Blake flashed a grin back over his shoulder. “Didn’t say he wasn’t,” he agreed. “All I want for him is the best. And there isn’t any reason why he shouldn’t have it.”

Then he left for the office and Sharon was alone in the house. She began doing the breakfast dishes. With Mark gone for the day, Chivas shifted his attention to her, nuzzling at her hand until she reached down and scratched his ears.

“Well, that wasn’t so bad, was it, Chivas? Bet you thought there was going to be a big fight and you were going to have to protect Mark from his dad, didn’t you? Well, you were wrong. Blake loves Mark just as much as you do.” She smiled sadly. “He just doesn’t understand him quite as well, that’s all.”

Almost as if he understood her words, Chivas trotted out of the kitchen and curled up on the floor at Mark’s bedroom door, where he would wait patiently for the rest of the day.

It was nearly four o’clock that afternoon when Blake’s secretary, Rosalie Adams, appeared in the doorway of his office. “All set for the big meeting?”
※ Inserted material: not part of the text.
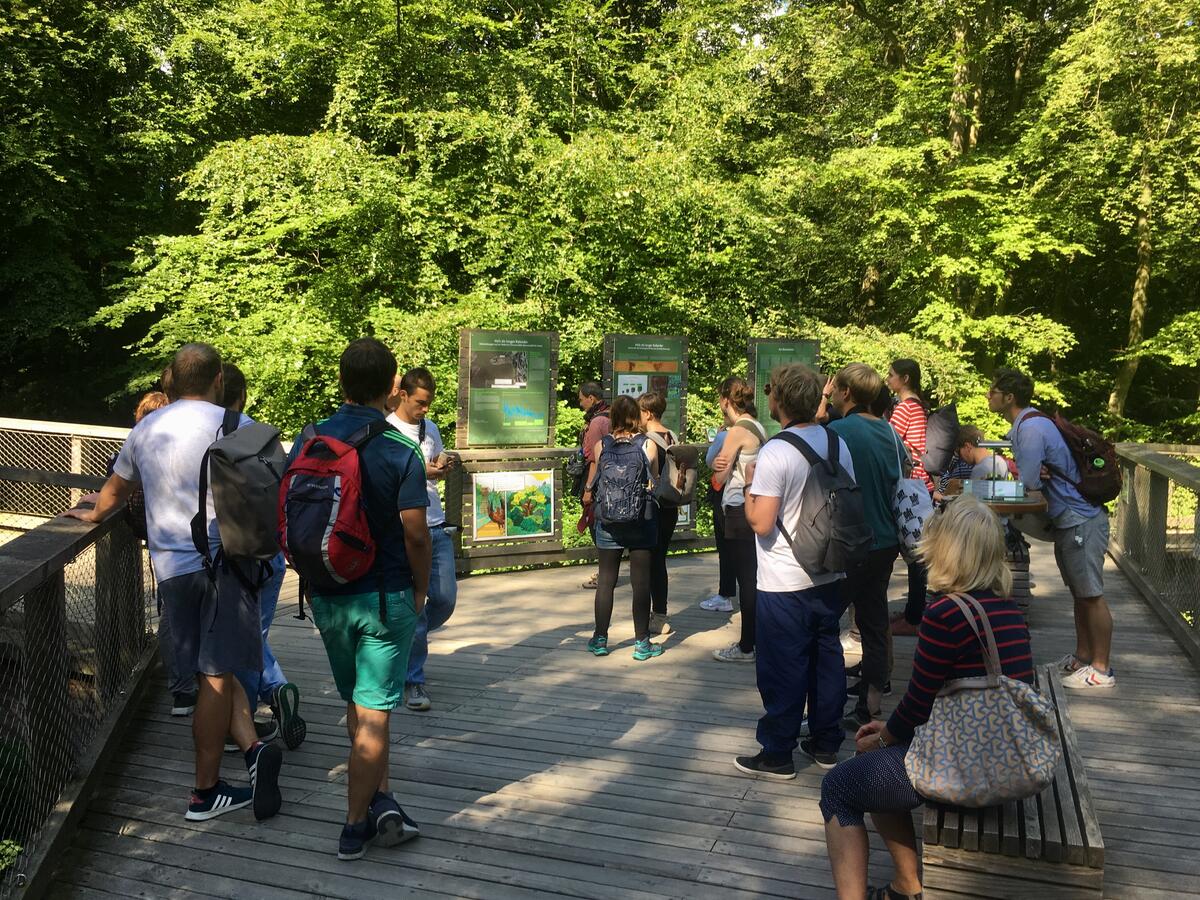 Aufgelockert wurde das Programm insbesondere durch den am Mittwoch stattfindenden Exkursionstag zum Naturerbe-Zentrum Rügen in Prora. Vormittags begingen wir den zugehörigen Baumwipfelpfad, der durch Buchenmischwald und Erlenbrüche führt und von seiner Aussichtsplattform einen Rundblick über Baumwipfel sowie Teile Rügens bietet. Nach der Mittagspause entdeckten wir die angrenzenden DBU-Naturerbeflächen bei einer naturkundlichen Wanderung. Von dieser nahmen wir nicht nur einige Zecken, sondern auch viele wunderschöne Eindrücke und neues Wissen mit. Ein entspannter Grillabend am Hafen bei herrlichem Wetter und Meeresrauschen bildete den krönenden Abschluss dieses durchweg gelungenen Seminars.
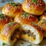 These Garlic Parmesan Cheeseburger Bombs are a savory and cheesy appetizer featuring seasoned ground beef and melted cheddar cheese wrapped in soft biscuit dough, brushed with garlic butter, and baked to golden perfection. Ideal for parties or a fun dinner treat, these bites combine the flavors of a cheeseburger with the convenience of an easy-to-eat snack.

Blake shrugged. He and Rosalie had been trying to figure out what was going on all day, but so far neither of them had come up with an answer as to why Ted Thornton might want to talk to Blake. Thornton, after all, was the CEO of TarrenTech, and though Blake’s own position as Marketing Manager of the Digital Division was hardly low on the totem pole, everything at TarrenTech was done according to the chain of command. If John Ripley, who was Blake’s immediate superior, was in trouble, it would have been Ripley’s boss—the Executive Vice President of the division—who would have summoned Blake to tell him he was replacing John. But as far as both Blake and Rosalie could determine
(and Rosalie had spent most of the morning on the secretaries’ network, gathering gossip), John Ripley was in no trouble at all. Besides, since it was Thornton himself who wanted to see Blake, the “poor old Ripley’s out” scenario had never really made much sense. There were a lot of other people Thornton would have informed long before getting down the chain as far as Blake Tanner.
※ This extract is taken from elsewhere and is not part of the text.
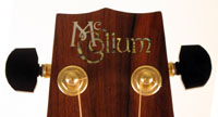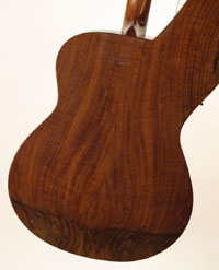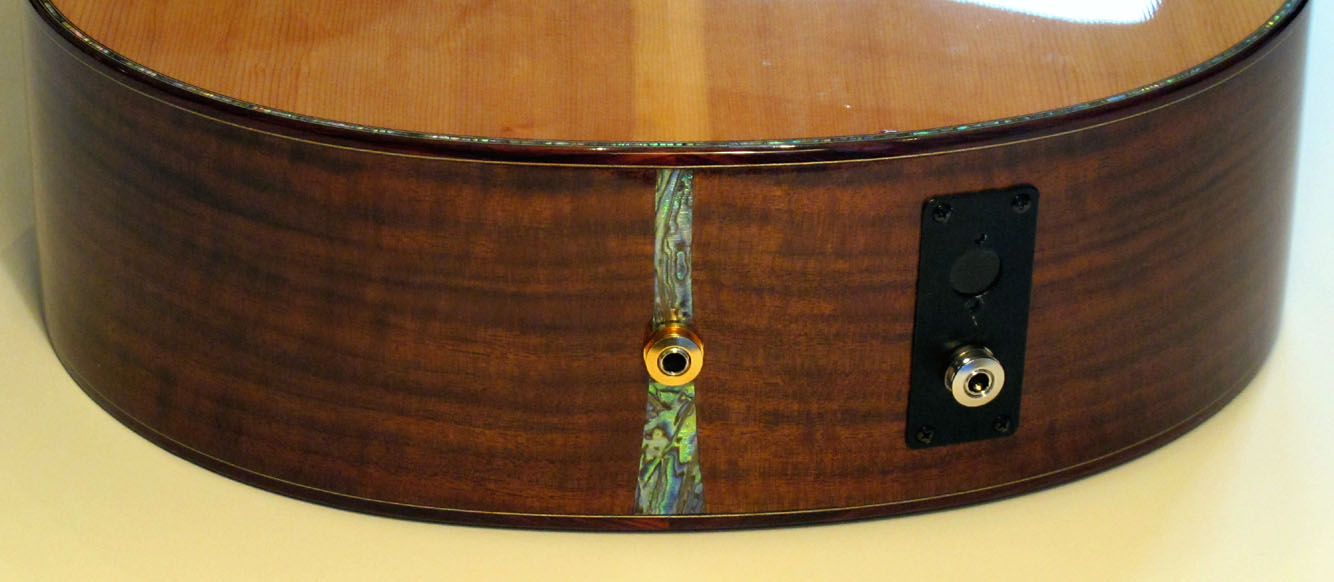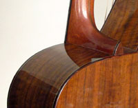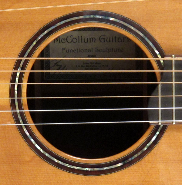 Lance McCollum passed away suddenly in 2009. Having only briefly met him once at Healdsburg, and never having a chance to fully explore his harp guitar production, I am now at a loss on many levels. This instrument, which he built in 2001, is innovative and spectacular. Though the fretboard shows the finger pressure wear of lots of play, the instrument is in near-immaculate condition, with only occasional minor dings and a worn down spot on the arm in the beautiful finish to show that its well-loved pedigree. Though it vaguely resembles a Dyer, its obvious inspiration, it has many noticeable differences: 14 frets to the body, the flat dove-tail heel neck joint, fully separate bridges (with a string bank gap to match - this will either be a boon or a point of confusion to some harp guitarists), an original bass headstock design, well away from the main neck, with matching Grover tuners, a bit more depth than a Dyer (nearly 5"), and of course, that bizarre "corner sound port"! Though it looks a little odd, it is an amazing piece of work, with the binding splitting into two paths as it traverses the strange gap. It also makes a wonderful and natural "speaker" for the player. Cover it up, and the harp guitar sounds amazing - something akin to a warmer, more buttery Duane Noble sound. With the port open, the player enters their own world, a veritable "orgasm of sound" (Too descriptive? Sorry, it's true!). Fit and finish are a solid 10, with a glossy, "eye candy" beauty that similarly reminds me on a Noble HG. I'm guessing the "vintage" colored top is Sitka, and this symmetrical bear claw harp top was a find, indeed. The walnut (I'm guessing Claro?) back and sides are similar prime real estate - notice of course the transitional color and grain in the back. The headplates appear to be rosewood. Fully bound in what looks like rosewood, the top ups the ante with additional abalone. With side dot markers, only the single pearl fretboard inlay is required. Sorry for my headstock inlay photo - this is beautiful, shimmering mother-of-pearl as well, flawlessly executed. Action is good, neck and intonation essentially near perfect (truss rod in there, just in case). The top has normal bellying behind the bridge, and a paper-thin bridge separation here; owners have all said this was like this from day one - you could always have a good luthier check it out. The clear plastic pickguard is mostly invisible. Grover tuners are a nice choice, and work great. I'm not a fan of the side-mounted L.R. Baggs control, but I imagine this helps with stage functionality. Lance always maintained that Michael Hedges was on the cusp of ordering his first modern harp guitar from Lance, and I can easily imagine this being the "dream design" (see Lance's Oct, 2000 forum post about Hedges here). The 5 subs are of course the traditional Hedges number, and perhaps their placement off a ways in a tighter cluster are geared specifically for tunes like Because Its There. The electronics may similarly be geared toward this song - they are outrageous! The main strings appear to have an under-saddle pickup that sounds very natural; this seems to go straight to the main endpin jack with no controls. The 5 subs each have individual Baggs Hex pickups and have a separate jack off center on the body. The Baggs side panel is dedicated to the subs and provide full EQ control: Volume, Low, Mid and Hi, with EQ sweep for the Low and Mid faders. In a word, "overkill" - but if you wanted to crank your subs and perform BIT at, say, Woodstock - this would do it! It comes with a foam-fitted, soft Pro-tec case, but just fits into a Holloway hard case (I can probably get one) or my HGM gig bag (with or without caseXtreme), should you want to upgrade. Frankly, considering the circumstances, I have no idea how to price this one-of-a-kind instrument. The last price for a "basic harp guitar" on the now retired McCollum web site was $9500. I can only imagine the up charge for the appointments on this one: Killer wood, Abalone binding, rosewood headplates, corner soundport, electronics, etc. I'd guess about 15k, wouldn't you? Though well-played (it has had three owners to my knowledge), I'd call it "barely used" - rather, it's perfectly "broken in." It's Sad to say, there will also never be another. If I owned it myself, I'd call it a 20k irreplaceable collectible (with apologies for the circumstances), and not let it go for a penny less. The consignor is being very reasonable with what he needs to get out of it. So in this case, I want to do right by him, honor Lance with the true value of this masterpiece, but also make sure it sells. See price and terms below, and make your decision accordingly. - Gregg Miner, the "harp guitar pope" |

“No late bulletins?” Blake asked Rosalie as he got up and straightened his tie. He almost reached for his briefcase, but stopped himself in time, remembering that there had been no instructions for him to bring any files with him.

That, too, seemed unusual.

“Nothing,” Rosalie replied. “Nobody seems to be in trouble, and if you’ve been a bad boy, either what you did was so awful no one’s telling me, or you covered your tracks so well you haven’t been caught. So go on in, and take good notes—I want to hear every detail of what the great man has to say.”

And “great man,” Blake reflected as he walked toward the large suite of offices at the far end of the corridor that housed Ted Thornton and his staff, was precisely the phrase that applied to TarrenTech’s Chief Executive Officer. For it was Thornton who had begun the company a little more than a decade ago, and built it from a minor supplier of computer software into the giant high-tech conglomerate it had become. Though software was still one of TarrenTech’s major product lines, Thornton had recognized the volatility of the computer industry and launched a program of expansion and diversification. Now TarrenTech produced all kinds of electronics—from television sets to abstruse gadgets involved in the space program—and had gone into consumer goods and services as well.

When Thornton had decided the company needed its own fleet of airplanes, he had simply bought an airline, then another and another. That had led to hotels, car rentals, and a string of other travel-related companies.

Next, as Thornton had recognized the aging population of
America, came the hospitals, nursing homes, and pharmaceutical companies. By now the Digital Division had become only a minor cog in the whole great machine, but Ted Thornton, partly out of a sense of nostalgia, and partly as a way of appearing a lot more humble than he was, still kept his offices in what had once been the entire space occupied by the beginnings of his vast conglomerate.